- Film poster
- Directed by: Elia Schneider
- Produced by: José Ramón Novoa
- Starring: Jose Gregorio Rivas Alfredo Medina Luis Campos Pelón Pedro Lander Laureano Olivares
- Release date: 8 January 1999;
- Running time: 110 minutes
- Countries: Venezuela Spain
- Language: Spanish

= Glue Sniffer =

Glue Sniffer (Huelepega: Ley de la calle) is a 1999 drama film directed by Elia Schneider. It was an international co-production between Spain and Venezuela. It was Venezuela's official Best Foreign Language Film submission at the 72nd Academy Awards, but did not manage to receive a nomination.

It won at the 2000 International Human Rights Film Festival.

==Synopsis==
The 11-year-old Oliver is driven out of his mother's house by abuse from her new boyfriend, and then he struggles to live on the streets. He tries to avoid the crime common to young homeless children, but life gets harder when a drug gang tries to recruit him.

==Cast==
- Jose Gregorio Rivas - Oliver
- Alfredo Medina - Mocho
- Luis Campos Pelón - Chino
- Pedro Lander - Saúl
- Laureano Olivares - Pelao

== Production ==
The production examined real child homelessness as well as other social issues to inform the story, as well as using amateur actors and trying to create a documentary feel.

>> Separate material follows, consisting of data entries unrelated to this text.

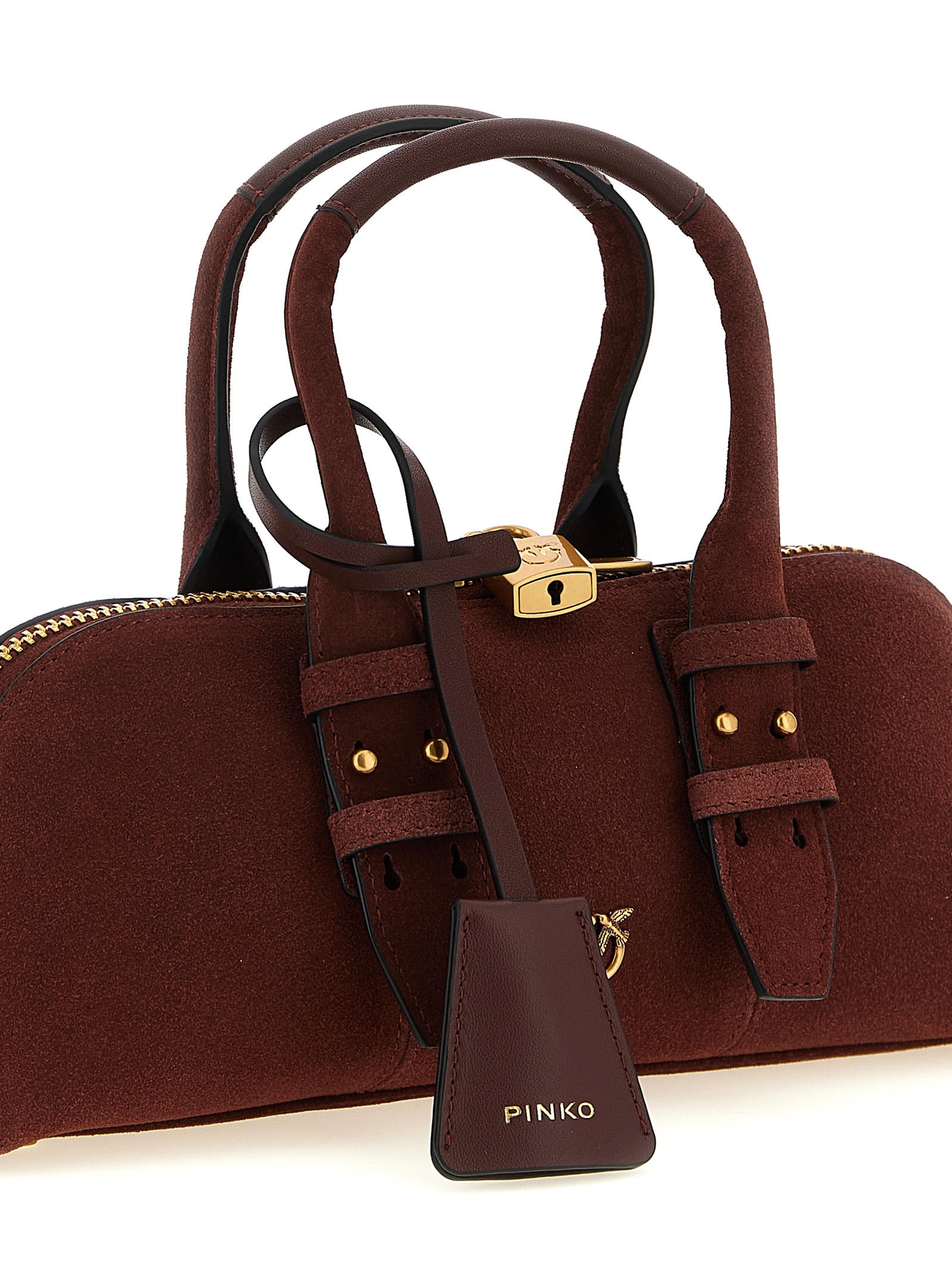 'Bowling Baguette' замшена сумка через плече, металевий логотип 'Love Birds' спереду та вишивка на спині, подвійна регульована ручка, верхня застібка на блискавці з замковою деталлю, жорстке дно з металевими ніжками, регульований і знімний плечовий ремінь.
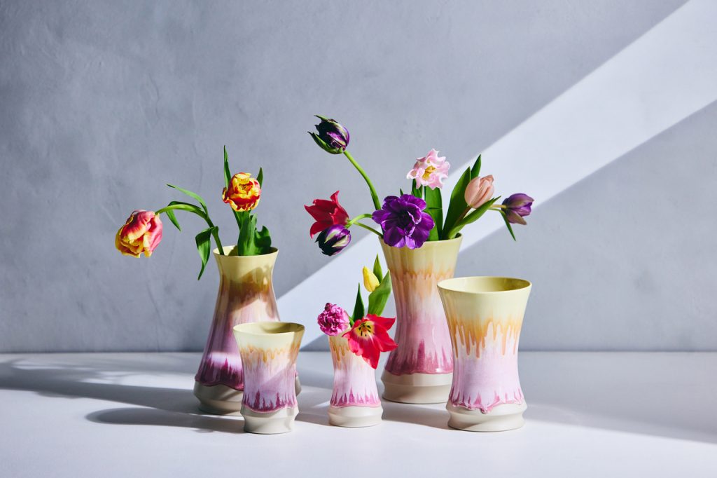 見ているだけで元気が出る、チューリップのようなフラワーベースがご所望ならばこれがイチオシ。イエロー、オレンジ、ピンク、ピーチのグラデーションを基調に、パッピーな配色に調えられています。
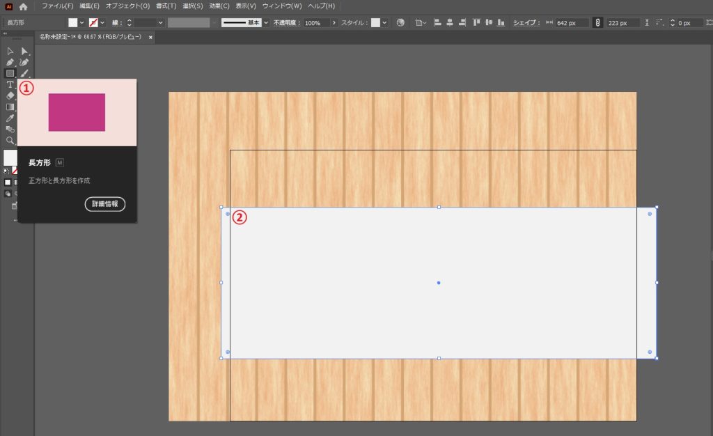 ①長方形ツールを選択し

During filming in 1997, the Venezuelan National Institute for Minors (INAM) prevented filming from continuing over concerns for the amateur child actors involved; the production denounced this as an arbitrary block, as they had already been granted permission by courts presided over by a Juveniles Judge. Schneider proposed that INAM wanted to interfere with the narrative instead, as the motion allowed them to review all footage before release and unilaterally cut or edit parts in the name of protecting the image of the children. Nancy Montero from INAM said that they didn't want to prevent filming or anything else bad, they just wanted some time to edit the script before filming continued so that the children would not be psychologically harmed by the roles they were playing. However, filming had never stopped, only moved to secret locations.

== Reception ==
Economía Hoy wrote that the film was following the Latin American style of rejecting entertainment culture in favor of reflecting on society. It compares the film to the Schneider-produced and Novoa-directed 1994 Sicario, which also uses commonplace violence to enhance its narrative. Luisela Alvaray compared the film to Buñuel's Los Olvidados.

Rodolfo Izaguirre complements the film as having "merits that are not always found in other Venezuelan films: a worked script[,] efficient production work[,] art direction and costumes, and a cast in which professional actors such as Pedro Lander, Adolfo Cubas and Lucio Bueno, among others, move comfortably in the middle of real street children".

According to the Centro Nacional Autónomo de Cinematografía, the film saw a Venezuelan audience of 301,555.